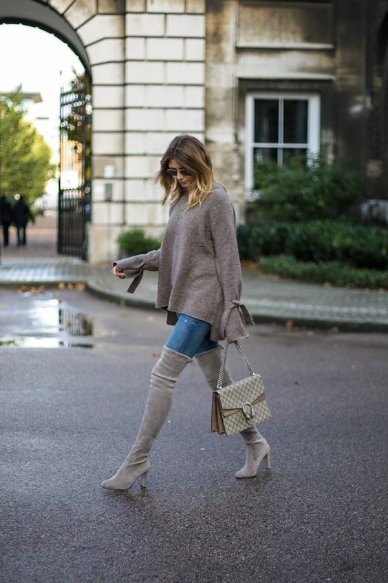 Помните, что эти модные осенние сапоги заявляют о вас как о смелой натуре, а потому в одежде следует придерживаться более скромного стиля. К примеру, с такой обувью хорошо смотрятся брюки-галифе, скинни, а также классические женские шорты, туники и трикотажные платья свободного кроя. При выборе колгот, избегайте ажурных моделей, сеточки. Отдайте предпочтение однотонной расцветке.
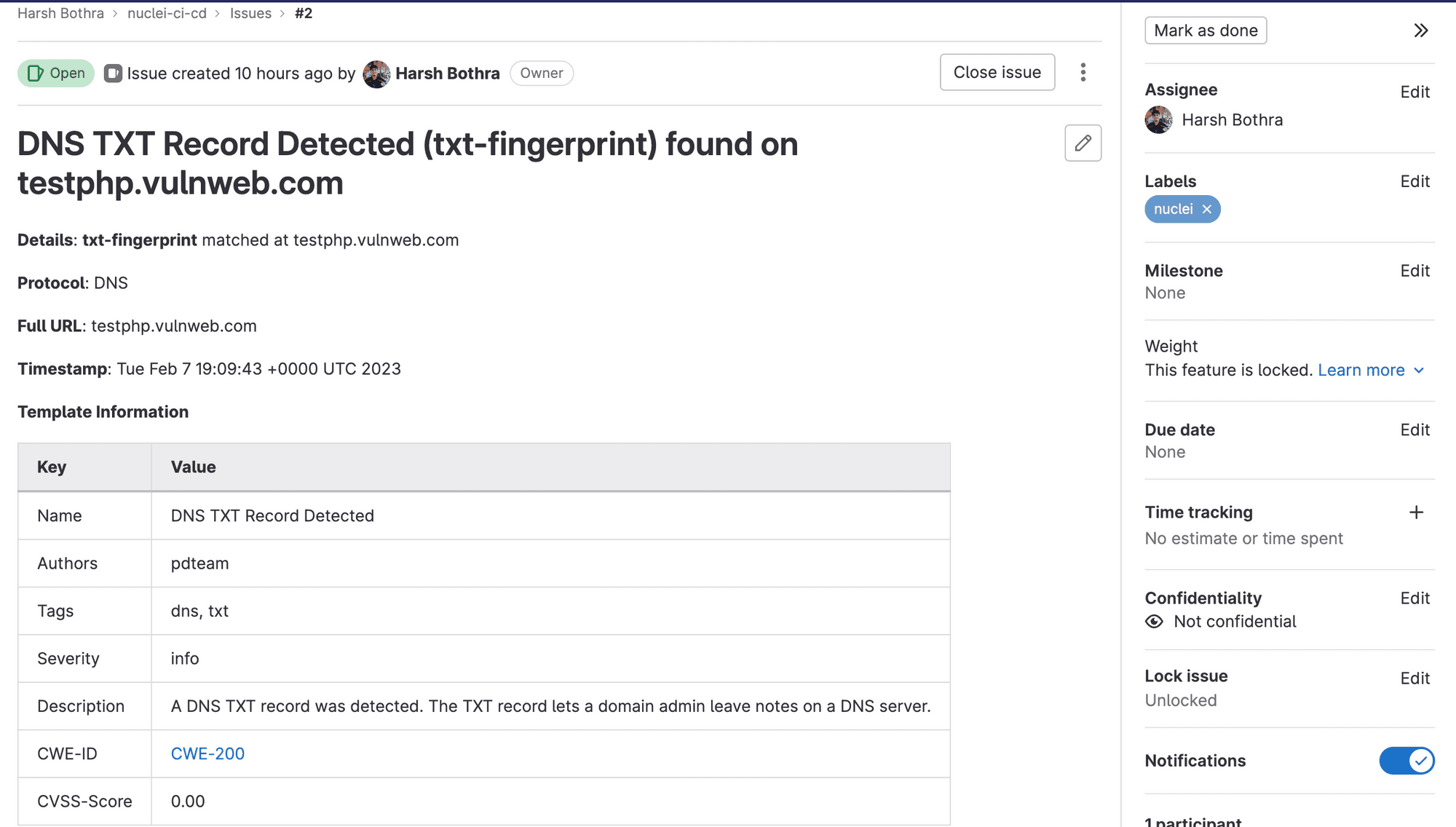 Once Nuclei has completed its scan, it is important to report any identified issues and notify the relevant parties. This can be done using a tool like GitLab Issues, which allows you to create and track issues within your repository.
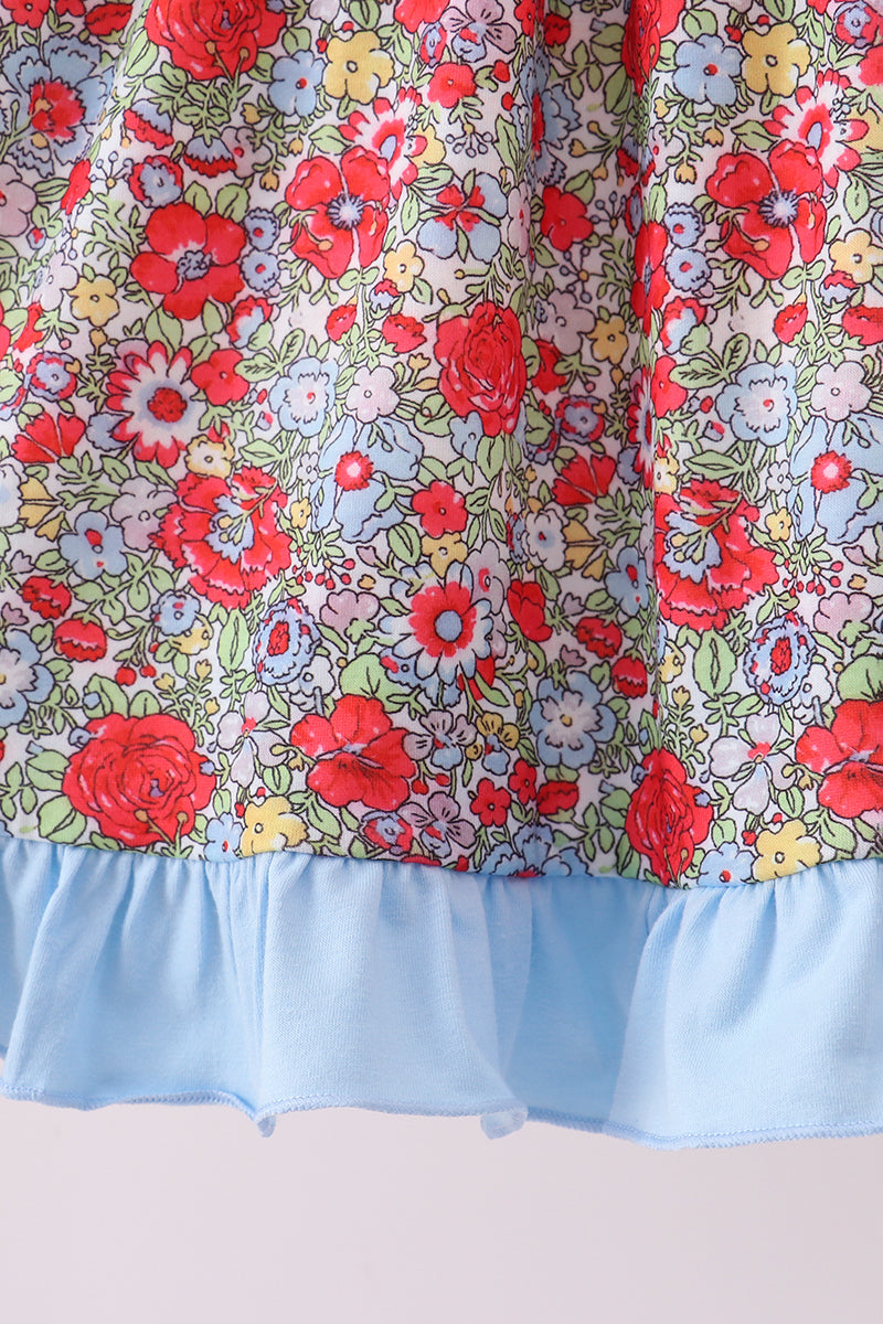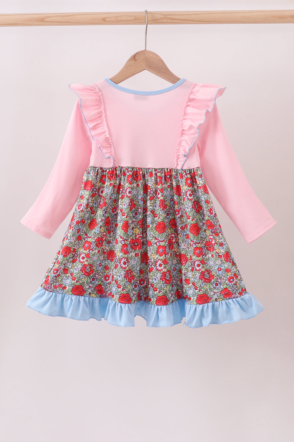 Pink christmas tree applique ruffle dress
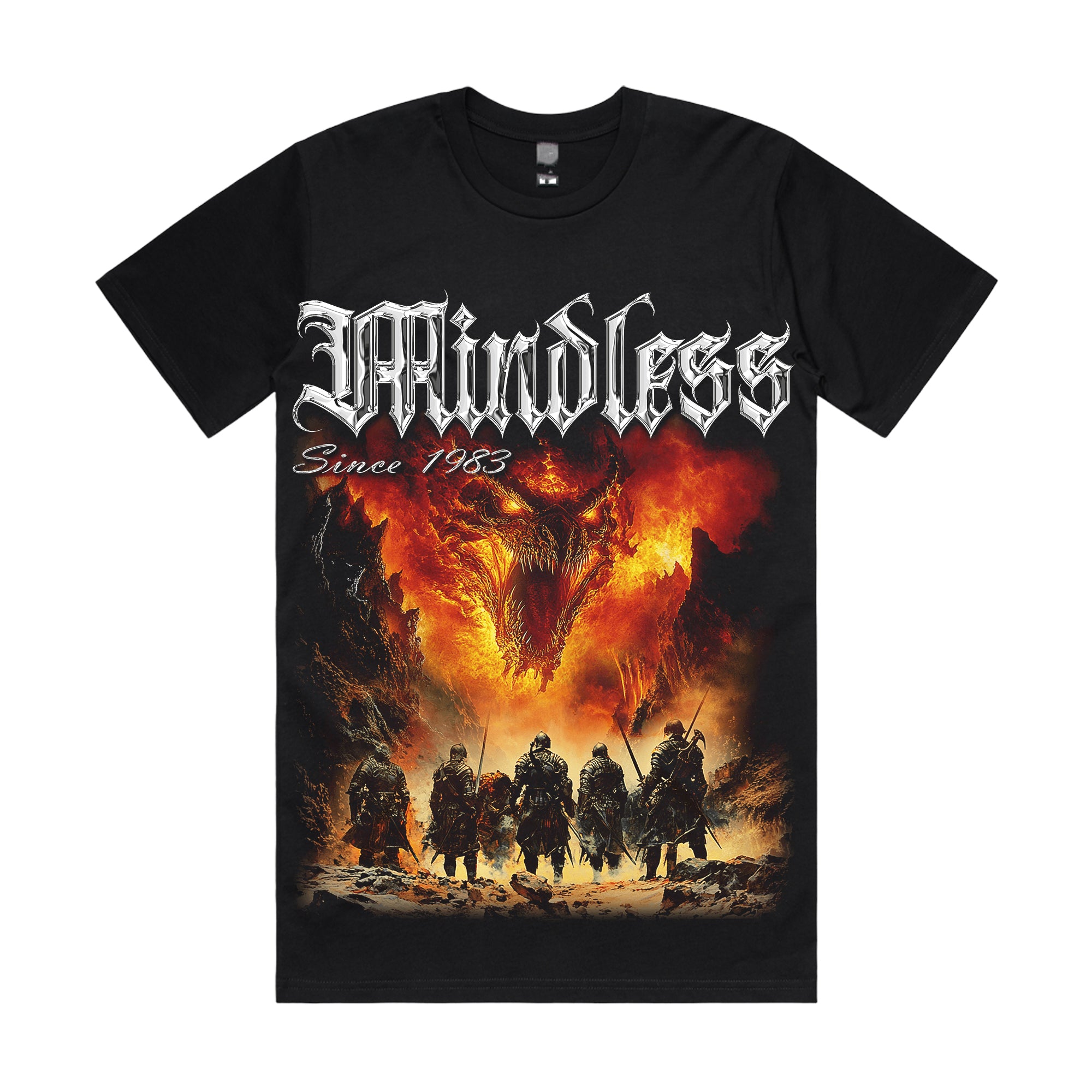 March into the jaws of fire with the "Dragonfire Legion" T-shirt — an explosive tribute to brotherhood, bravery, and the fury of the ancient world. The design captures five armored warriors advancing across a scorched battlefield, beneath the monstrous visage of a fire-breathing dragon erupting from the inferno. Lava cracks the earth. Ash rains from the skies. Doom takes form. Above it all, the bold gothic “Mindless – Since 1983” logo burns like a war cry from the metal gods.
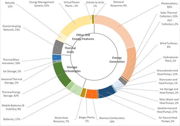 The individual projects differ in terms of energy generation, storage and distribution as well as their heating needs (HDD - Heating Degree Days) depending on their location (see figure 1). The examined buildings showcase all variants of solar technologies. "82 % of all buildings use PV, 53 % solar thermal, and PVT collectors are used in 2 % of the projects", explained Ramschak, regarding the technology portfolio (see figure 2). Furthermore, different storage technologies are found in the selected SEBs: batteries (17 %), mobile batteries (e-mobility) (8 %), thermal storage (44 %), ice storage (2 %) and thermal mass activation (10 %). A total of 23 % of the SEBs are connected to a district heating network.

WHAT TO PRODUCE:
Give the material above again exactly as it stands, minus any images.

YOUR SOLUTION:
 Помните, что эти модные осенние сапоги заявляют о вас как о смелой натуре, а потому в одежде следует придерживаться более скромного стиля. К примеру, с такой обувью хорошо смотрятся брюки-галифе, скинни, а также классические женские шорты, туники и трикотажные платья свободного кроя. При выборе колгот, избегайте ажурных моделей, сеточки. Отдайте предпочтение однотонной расцветке.
 Once Nuclei has completed its scan, it is important to report any identified issues and notify the relevant parties. This can be done using a tool like GitLab Issues, which allows you to create and track issues within your repository.
 Pink christmas tree applique ruffle dress
 March into the jaws of fire with the "Dragonfire Legion" T-shirt — an explosive tribute to brotherhood, bravery, and the fury of the ancient world. The design captures five armored warriors advancing across a scorched battlefield, beneath the monstrous visage of a fire-breathing dragon erupting from the inferno. Lava cracks the earth. Ash rains from the skies. Doom takes form. Above it all, the bold gothic “Mindless – Since 1983” logo burns like a war cry from the metal gods.
 The individual projects differ in terms of energy generation, storage and distribution as well as their heating needs (HDD - Heating Degree Days) depending on their location (see figure 1). The examined buildings showcase all variants of solar technologies. "82 % of all buildings use PV, 53 % solar thermal, and PVT collectors are used in 2 % of the projects", explained Ramschak, regarding the technology portfolio (see figure 2). Furthermore, different storage technologies are found in the selected SEBs: batteries (17 %), mobile batteries (e-mobility) (8 %), thermal storage (44 %), ice storage (2 %) and thermal mass activation (10 %). A total of 23 % of the SEBs are connected to a district heating network.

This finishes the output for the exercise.